**What to produce**:
Could the listing below be reproduced exactly, minus its pictures?

**Extracted material**:
* * * *

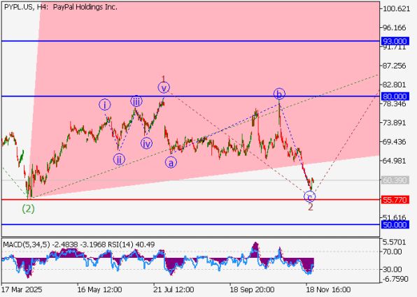 Данная конфигурация создает благоприятную почву для реализации основного сценария. Если текущая разметка верна, то цена акций PayPal имеет все шансы на существенный рост в целевой коридор $80.00 – $93.00. Важно подчеркнуть, что любая торговая стратегия должна включать строгое управление рисками. Для данного случая критическим уровнем, «отменяющим» бычий сценарий, является отметка $55.77. Закрепление котировок ниже этой точки говорит о сломе текущей тенденции.
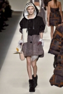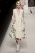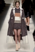 То, что делает для Fendi Карл Лагерфельд, неизменно вызывает исключительно самые приятные эмоции. Если его коллекции для Chanel бывают очень удачными и совсем неудачными, то показы для итальянского модного дома стабильно радуют. С двумя главными «коньками» Fendi, а именно с геометрией и работой с мехами, маэстро управляется совершенно виртуозно. Не стала исключением и новая осенне-зимняя коллекция, в которой мягкие объемы дутых стеганых пуховиков (пожалуйста: готовый объект желания!) встречаются с резкостью идеально прямых и жестких линий, а мотивы из абстрактных работ Софи Тойбер-Арп, умершей в 40-х годах, неожиданно появляются на платьях и пальто А-силуэтов, пожаловавших на подиум прямиком из 60-х. Именно творчество швейцарской художницы вдохновило дизайнера на создание меховых пэчворк-мозаик, превратившихся в шубы, и геометричных принтов, украшающих цветную часть коллекции.
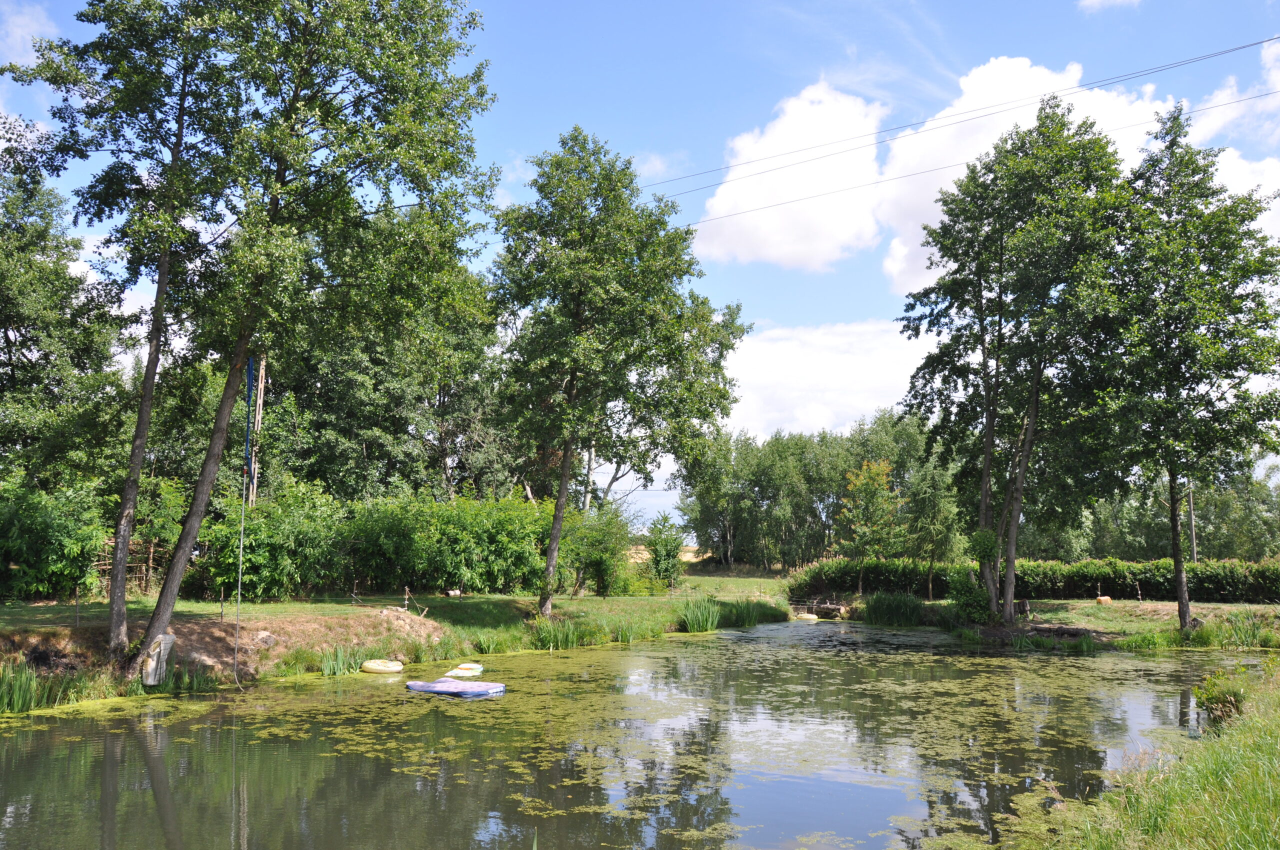 na pierwszym planie dawny staw, za nim stał zamek
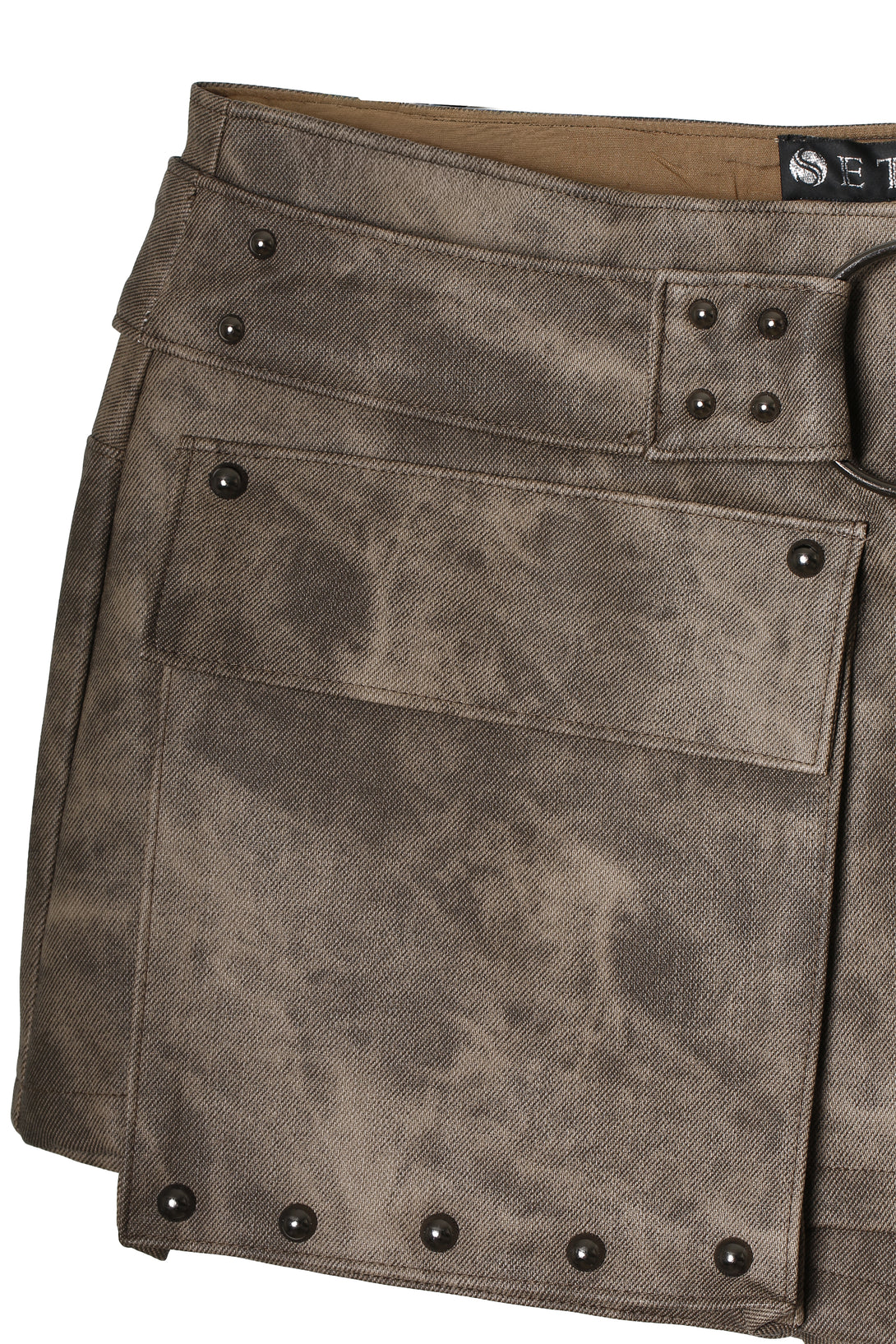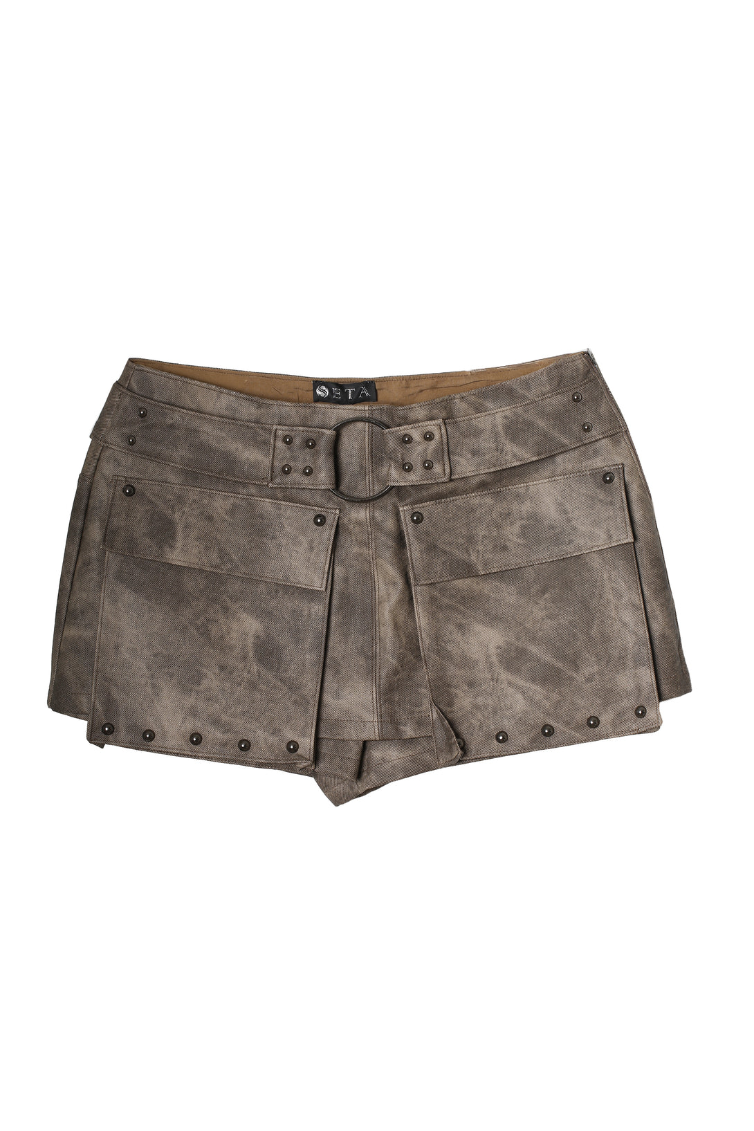 Nuestra Rebel Skirt en marrón encarna la actitud irreverente de SETA. Diseñada con bolsillos utilitarios, cinturón integrado y remaches metálicos, esta mini falda refleja fuerza y rebeldía en un formato urbano y contemporáneo. Su acabado texturizado y tonalidad desgastada evocan un espíritu atrevido, perfecto para quienes buscan destacar con una prenda que combina funcionalidad, carácter y un estilo inconfundible.
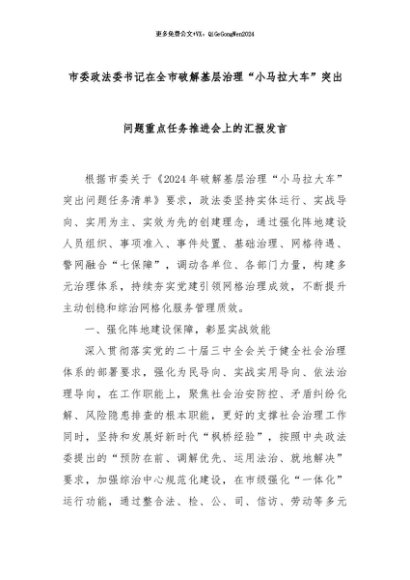 【七哥公文】2024年:市委政法委书记在全市破解基层治理“小马拉大车”突出问题重点任务推进会上的汇报发言+更多免费公文+VX:QiGeGongWen2024
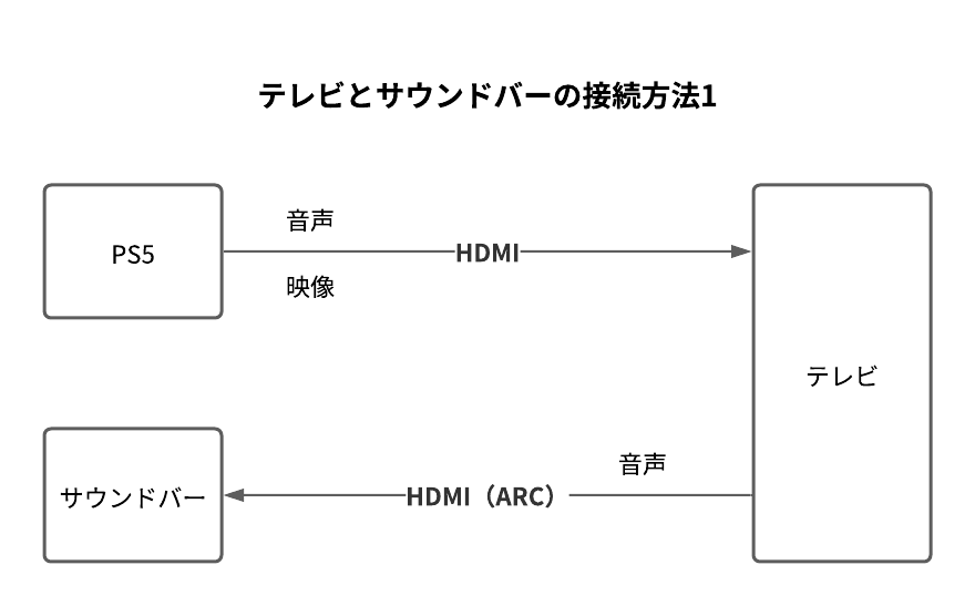 3. 接続:PS5は「テレビ」に、テレビ(eARC)は「サウンドバー」に繋ぐ。
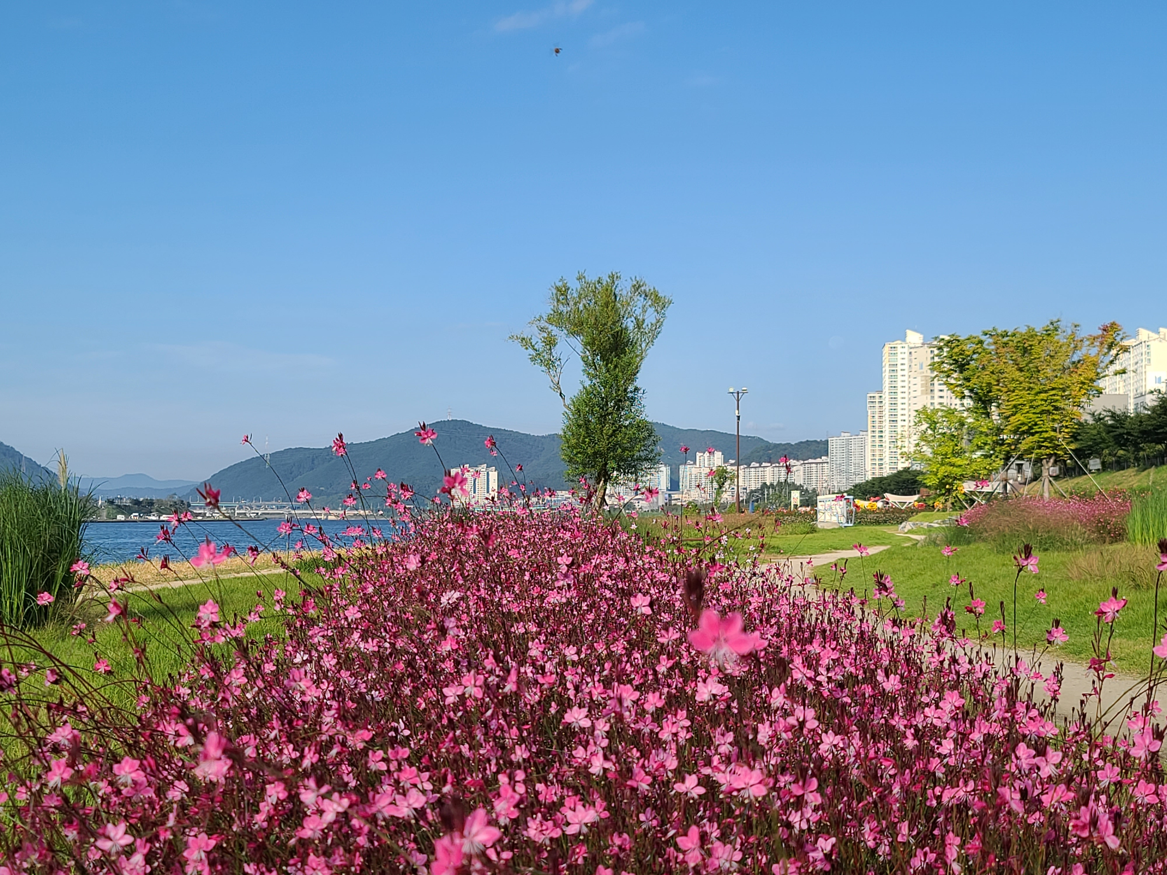 포항 효자 형산강 고수부지 가우라(바늘꽃) -탐방일 : 2021,9,24,오전 가우라는 바늘꽃과의 여러해살이풀로 원산지는 북미지역이다. 이 꽃은 늦여름부터 늦가을까지 붉은색인 홍접초와 흰색꽃인 백접초를 피운다. 꽃을 피운 모양이 날개짓하는 나비를 닮았다고해서 '나비바늘꽃'이란 이름으로도 불립니다. 정말로 수천 수만송이의 꽃들이 바람에 하늘거리는 모양이 꼭 나비들이 나는 듯 황홀하며 사람을 홀리기에 충분하지요 꽃말도 '섹시한 여인'입니다 가우라 나비바늘꽃 - 나무풀꽃이야기 2021.09.25

* * * *

**Finished task**:
 Данная конфигурация создает благоприятную почву для реализации основного сценария. Если текущая разметка верна, то цена акций PayPal имеет все шансы на существенный рост в целевой коридор $80.00 – $93.00. Важно подчеркнуть, что любая торговая стратегия должна включать строгое управление рисками. Для данного случая критическим уровнем, «отменяющим» бычий сценарий, является отметка $55.77. Закрепление котировок ниже этой точки говорит о сломе текущей тенденции.
 То, что делает для Fendi Карл Лагерфельд, неизменно вызывает исключительно самые приятные эмоции. Если его коллекции для Chanel бывают очень удачными и совсем неудачными, то показы для итальянского модного дома стабильно радуют. С двумя главными «коньками» Fendi, а именно с геометрией и работой с мехами, маэстро управляется совершенно виртуозно. Не стала исключением и новая осенне-зимняя коллекция, в которой мягкие объемы дутых стеганых пуховиков (пожалуйста: готовый объект желания!) встречаются с резкостью идеально прямых и жестких линий, а мотивы из абстрактных работ Софи Тойбер-Арп, умершей в 40-х годах, неожиданно появляются на платьях и пальто А-силуэтов, пожаловавших на подиум прямиком из 60-х. Именно творчество швейцарской художницы вдохновило дизайнера на создание меховых пэчворк-мозаик, превратившихся в шубы, и геометричных принтов, украшающих цветную часть коллекции.
 na pierwszym planie dawny staw, za nim stał zamek
 Nuestra Rebel Skirt en marrón encarna la actitud irreverente de SETA. Diseñada con bolsillos utilitarios, cinturón integrado y remaches metálicos, esta mini falda refleja fuerza y rebeldía en un formato urbano y contemporáneo. Su acabado texturizado y tonalidad desgastada evocan un espíritu atrevido, perfecto para quienes buscan destacar con una prenda que combina funcionalidad, carácter y un estilo inconfundible.
 【七哥公文】2024年:市委政法委书记在全市破解基层治理“小马拉大车”突出问题重点任务推进会上的汇报发言+更多免费公文+VX:QiGeGongWen2024
 3. 接続:PS5は「テレビ」に、テレビ(eARC)は「サウンドバー」に繋ぐ。
 포항 효자 형산강 고수부지 가우라(바늘꽃) -탐방일 : 2021,9,24,오전 가우라는 바늘꽃과의 여러해살이풀로 원산지는 북미지역이다. 이 꽃은 늦여름부터 늦가을까지 붉은색인 홍접초와 흰색꽃인 백접초를 피운다. 꽃을 피운 모양이 날개짓하는 나비를 닮았다고해서 '나비바늘꽃'이란 이름으로도 불립니다. 정말로 수천 수만송이의 꽃들이 바람에 하늘거리는 모양이 꼭 나비들이 나는 듯 황홀하며 사람을 홀리기에 충분하지요 꽃말도 '섹시한 여인'입니다 가우라 나비바늘꽃 - 나무풀꽃이야기 2021.09.25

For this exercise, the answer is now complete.